The lack of use cases in that document is a concern. They're all "nice to have" features, but is the payoff there for real work? The "effects" section mentions properties useful for a proof system. But it's not part of a proof system. If it were, most of those could be found automatically by static analysis, without bothering the programmer. (I was doing that decades ago in a very early proof of correctness system.) Getting programmers to annotate items is tough. Just getting C++ programmers to use "const" enough is hard.
"View types" are interesting. But how much of that generality is really needed? We already have it for arrays, with "split_at_mut" and its friends. That's a library function which uses "unsafe" but exports a safe interface. The compiler will already let you pass two different fields of a struct as "&mut". That covers the two most pressing cases.
I would also have liked to see some motivational examples, but I think the most interesting upside of an effect system is composability.
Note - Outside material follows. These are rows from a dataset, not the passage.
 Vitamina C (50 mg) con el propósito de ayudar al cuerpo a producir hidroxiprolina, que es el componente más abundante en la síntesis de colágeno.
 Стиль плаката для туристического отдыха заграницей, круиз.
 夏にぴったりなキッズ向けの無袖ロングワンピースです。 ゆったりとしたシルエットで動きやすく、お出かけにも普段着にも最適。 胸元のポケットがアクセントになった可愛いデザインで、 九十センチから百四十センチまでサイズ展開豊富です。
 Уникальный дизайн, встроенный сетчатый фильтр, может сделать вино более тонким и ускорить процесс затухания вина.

Rust is actually really unique among imperative languages in its general composability - things just compose really well across most language features.
The big missing pieces for composability are higher-kinded types (where you could be generic over Option, Result, etc.), and effects (where you could be generic over async-fn, const-fn, hypothetical nopanic-fn, etc.)
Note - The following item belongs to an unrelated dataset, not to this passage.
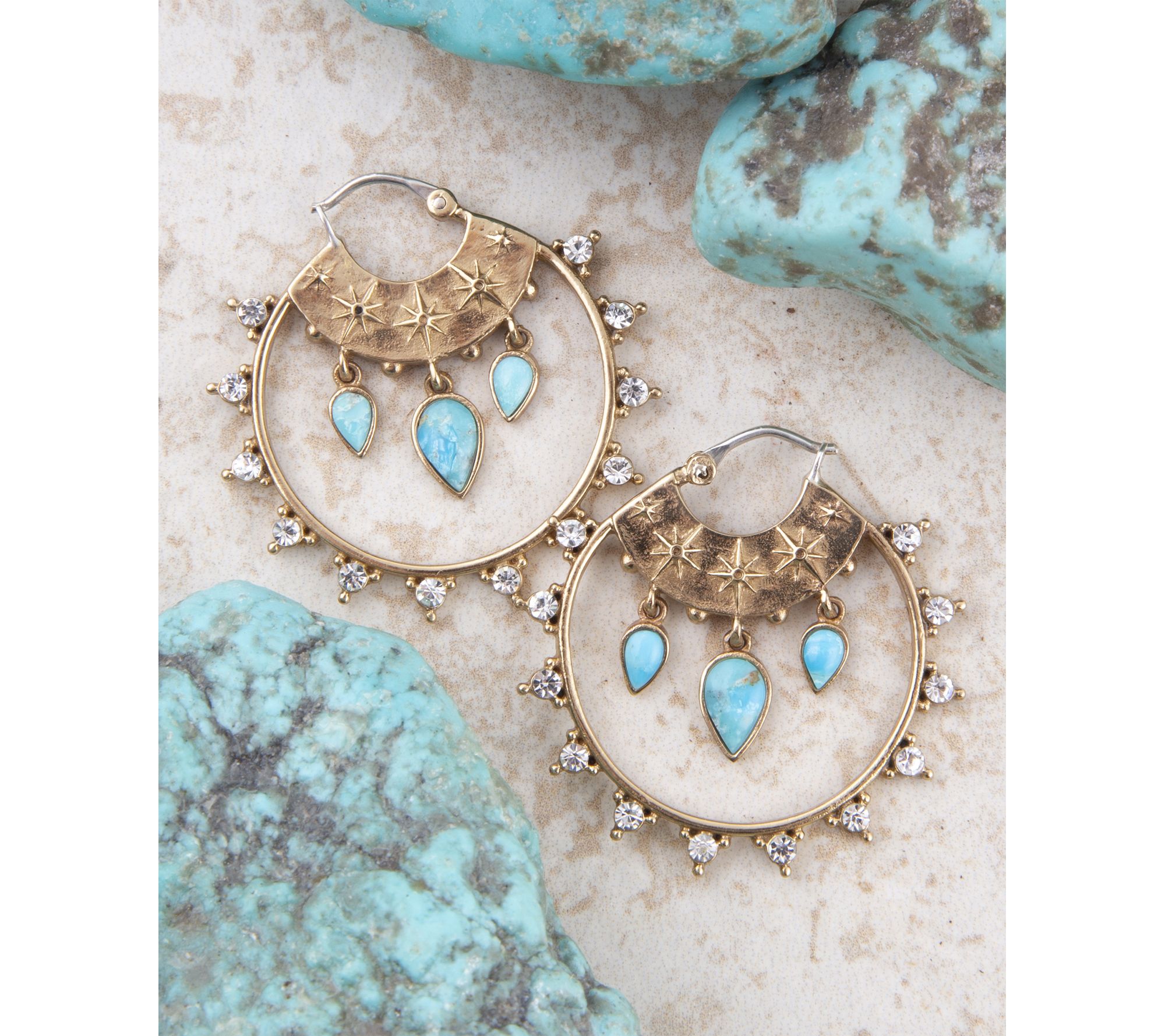 Barse Artisan Crafted Celestial Turquoise Golden Hoop Earrings

The former becomes obvious with the amount of interface duplication between types like Option and Result. The latter becomes obvious with the number of variants of certain functions that essentially do the same thing but with a different color.
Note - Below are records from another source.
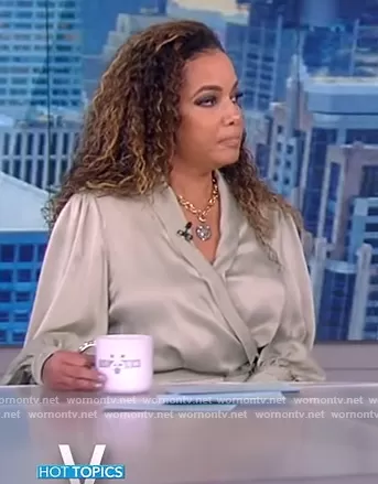Sunny Hostin on The View on ABC was spotted wearing this green satin wrap dress on The View on Apr 13 2022's episode. Sunny's Dress is the Asymmetric ruffled silk-satin wrap dress by Zimmermann.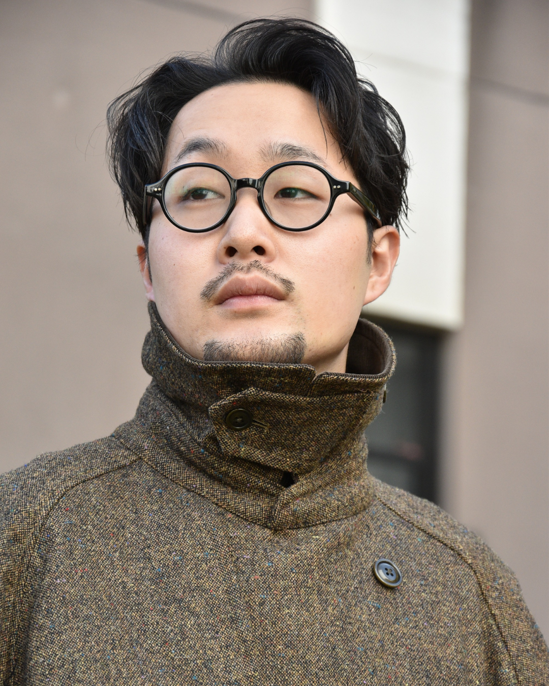 タートルのニットにコーデュロイのトラウザー。そして歩く時に纏うツイードのコート。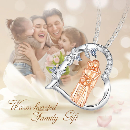 Eudora 925 Sterling Silver Mother and daughter Necklace Fine Mother Kids Family Heart Pendant Trendy Jewelry Mother's Day Gift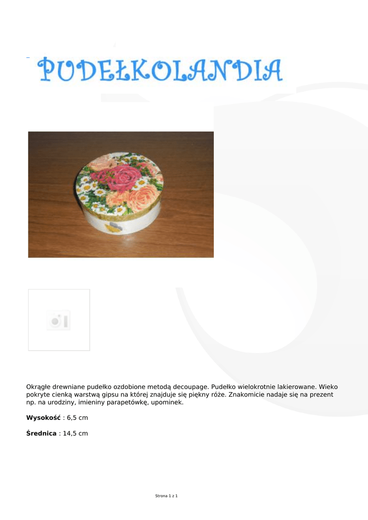 Okrągłe drewniane pudełko ozdobione metodą decoupage. Pudełko wielokrotnie lakierowane. Wieko pokryte cienką warstwą gipsu na której znajduje się piękny róże. Znakomicie nadaje się na prezent np. na urodziny, imieniny parapetówkę, upominek. Wysokość : 6,5 cm Średnica : 14,5 cm Strona 1 z 1

> Rust is actually really unique among imperative languages in its general composability
Can you compare it to some other imperative language? Because I really don't see anything particularly notable in Rust that would give it this property.
Not so much composability on async Rust.
Some uses of higher-kinded types (though not all of them) can be addressed by leveraging Generic Associated Types (GAT).
Part of the problems is that the "things just compose really well" point becomes gradually less and less applicable as you involve the lower-level features Rust must be concerned with. Abstractions start to become very leaky and it's not clear how best to patch things up without a large increase in complexity. A lot of foundational PL research is needed to address this sensibly.
"View types" addresses one of the top pain points of the borrow checker, which is disjoint borrows on a single value. The compiler can understand values where only some fields are borrowed, so e.g. you can mutably borrow the currently-unborrowed fields, but there's no way to write these partial borrows and so you cannot write functions that either take or return these borrows. This often means having to restructure code to split up one struct into several child structs just to be able to borrow those substructs independently.